Thursday, May 25, 2006

Major Bedhead Presents, For Your Edification:

Grammar Rules for the Unenlightened; Or, How to Write Good

Don't use a big word where a diminutive one will suffice.

Don't use no double negatives. Don't never use no triple negatives.

No sentence fragments.
Corollary: Complete sentences: important.

Stamp out and eliminate redundancy.

Avoid cliches like the plague.

All generalizations are bad.

Take care that your verb and subject is in agreement.

A preposition is a bad thing to end a sentence with.

Avoid those run-on sentences that just go on, and on, and on, they never stop, they just keep rambling, and you really wish the person would just shut up, but no, they just keep going, they're worse than the Energizer Bunny, they babble incessantly, and these sentences, they just never stop, they go on forever...if you get my drift...
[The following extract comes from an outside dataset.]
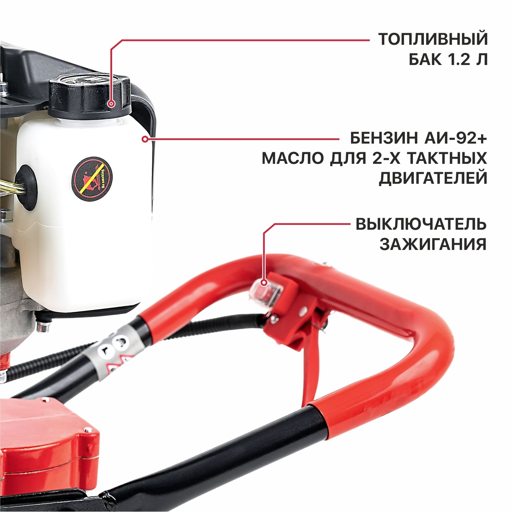 - Удобное расположение топливного бака - легкое обслуживание инструмента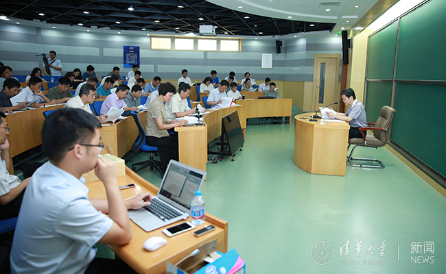 清华新闻网9月19日电(记者 李婧) 9月14日下午,全校各单位党委书记会在清华经管学院舜德楼召开。正值“一位清华退休老教授——优秀共产党员赵家和事迹展”在舜德楼一楼大厅展出,校党委书记陈旭,常务副书记姜胜耀,副书记史宗恺、邓卫、李一兵与全体与会人员在会前一同参观了展览。

You should never use the second person.

The passive voice should never be used.

Never go off on tangents, which are lines that intersect a curve at only one point and were discovered by Euclid, who lived in the sixth century, which was an era dominated by the Goths, who lived in what we now know as Poland...

As Ralph Waldo Emerson once said, "I hate quotations."

Excessive use of exclamation points can be disastrous!!!!!

Don't use question marks inappropriately?

Don't obfuscate your theses with extraneous verbiage.

Never use that totally cool, radically groovy out-of-date slang.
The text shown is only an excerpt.